Chapter 1

42 0 0
                                    


"Villain."

My eyes snapped open, and I sucked in a breath, my brain slow to take in my surroundings. The drab, gray walls. The hard table I was laying on, a pathetic cloth sac that could hardly be considered a pillow under my head. The smell, sterile and unearthly, unlike any other smell: the smell of magic.

I exhaled slowly, trying to calm my racing heart. It was a dream. It had all been a dream.

But no, I realized, a wave of nausea washing over me. It hadn't all been a dream. Not really.

Sure, the dead girl on the floor and the knife in my hand had been a dream – nothing more than a nightmare. But the last word she said still rang in my ears, and it wouldn't go away like the rest of my silly nightmare. I was a Villain. And I was going to be one for the rest of my life, whether I liked it or not.

The nausea turned to fear, and I curled my legs up to my chest, feeling very much like the innocent little girl I'd been only a few short months ago. I wished for Peter, for my mother, for anyone who could hold me and tell me that it had all been a ruse – that I wasn't really sitting on a table in a room made of stone, and that the High King had never said that awful, cursed word.

Villain. I hated that word. Because I wasn't one, not really, not deep down. But one look at me and the King had decided that I was. One look, and he had opened his mouth to say that horrible, heinous, wicked word. One look, and he had sealed my fate forever.

Tears burned my eyes, and I forced them back down. I couldn't cry now. Not when they were watching me. And not when my eyes weren't even my own.

A new, hesitant desire to see my new eyes came into my mind, but at the same time part of me was scared. I wanted to see my eyes, my warm, brown eyes. They had been the only thing I'd ever liked about my appearance. And now they were gone. I'd lost them today, and with them the very last chance I ever had at a normal life.

But I didn't lose them, I reminded myself fervently. Not really. They were still mine, and they'd still be the same nice almond shape, the same big eyes that seemed too big for the small, bony nose that divided them. They just wouldn't be brown.

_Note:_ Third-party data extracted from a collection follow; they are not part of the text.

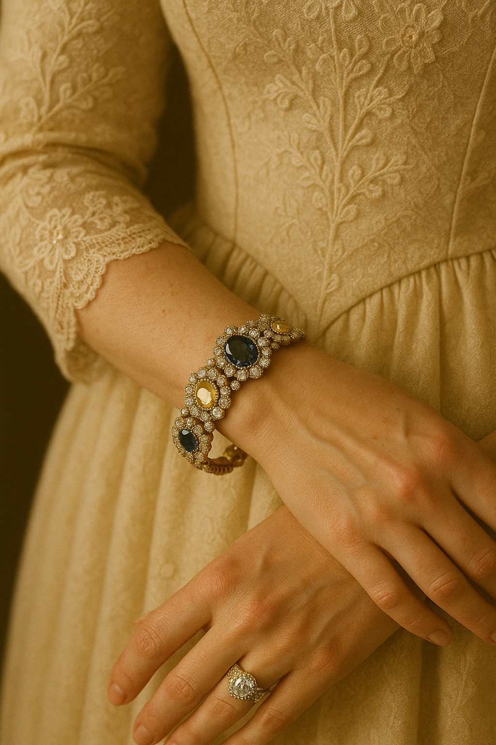 Each cluster is meticulously arranged to form a repeating floral motif, giving the bracelet both symmetry and a regal aesthetic. The diamonds extend slightly into the connecting links, creating a seamless sparkle around the wrist. This bracelet is not only a statement of colour and craftsmanship—it’s a timeless heirloom that bridges sophistication with storytelling.
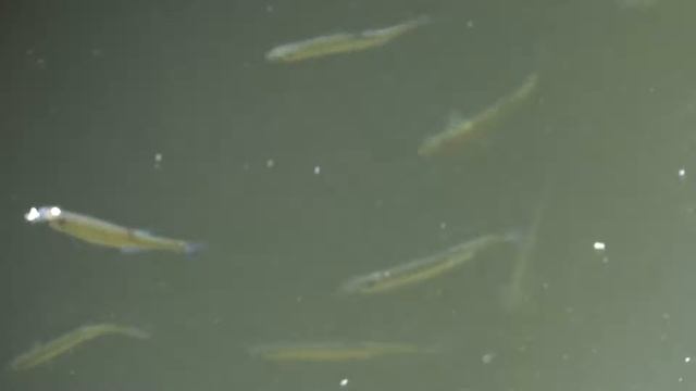 Мальки плавают у причала на набережной
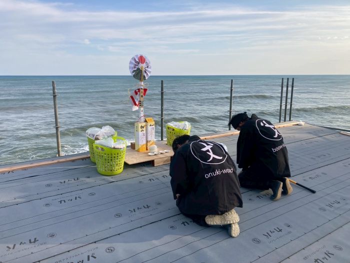 屋根の上に祭壇を設け、工事の無事完了を祈る上棟式の様子
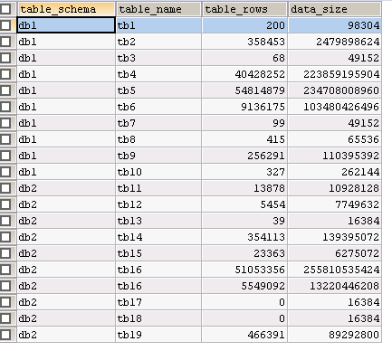 SELECT table_schema,table_name,table_rows,data_length+index_length+ data_free data_size
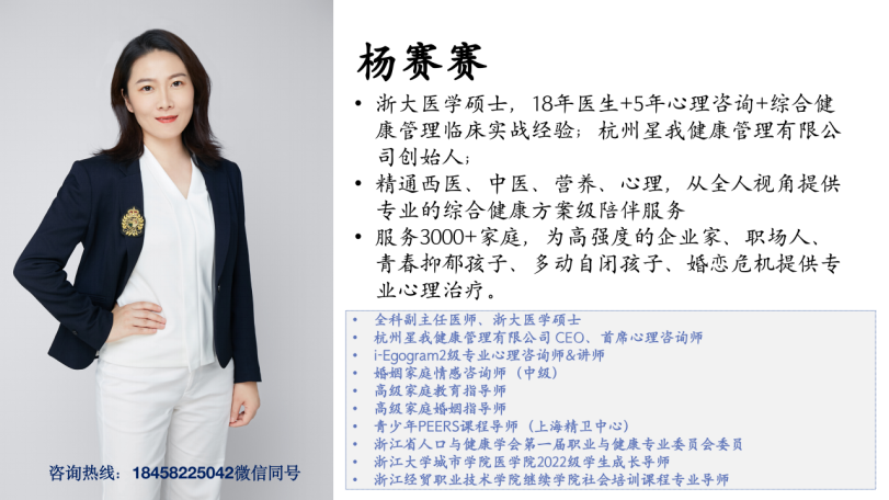 杨赛赛的心理学训练并非一时兴起。她自2002 年起学习临床心理学,并在精神卫生相关方向持续进修。 她还完成上海精神卫生中心青少年 PEERS 高级导师课程训练,支持青少年提升社交行为能力与团体适应能力。

I guess it made a little sense. They couldn't very well be brown anymore. Brown was the color of Peasants. And I wasn't just the daughter of a Peasant anymore, hadn't been for nearly four months. No, I was a Villain, as much as I hated it. As much as I really, really wasn't, to them – to everyone else – I was. And now my eyes just proved it.

I swallowed, pushing myself up off the table and dropping my feet carefully to the floor. It had been a while since I'd last been on my feet, and I had to grab the edge of the makeshift operation table to steady myself while they adjusted to my weight.

After I was certain my legs would hold me up, I released the table, squaring my shoulders and sticking my chin in the air. I may have lost the last piece of my family today, may have watched the distant dream of freedom fade away forever, but I was strong. And they couldn't take away my stubbornness, not even if they tried. Moira Queenston did not let people see her defeated.

With that in mind, I walked as confidently as I could to the old wooden door, pulling it open and nodding to the sentry, who had been stationed there in case I "got any ideas".

It was really quite unnecessary, because, despite my tendency at trouble-making, I was almost never the one with the ideas. That position had always belonged to –

"James," I said, my face breaking into a smile.

He grinned back, his front teeth jutting out over the rest as if fighting for the attention of whoever he was smiling at.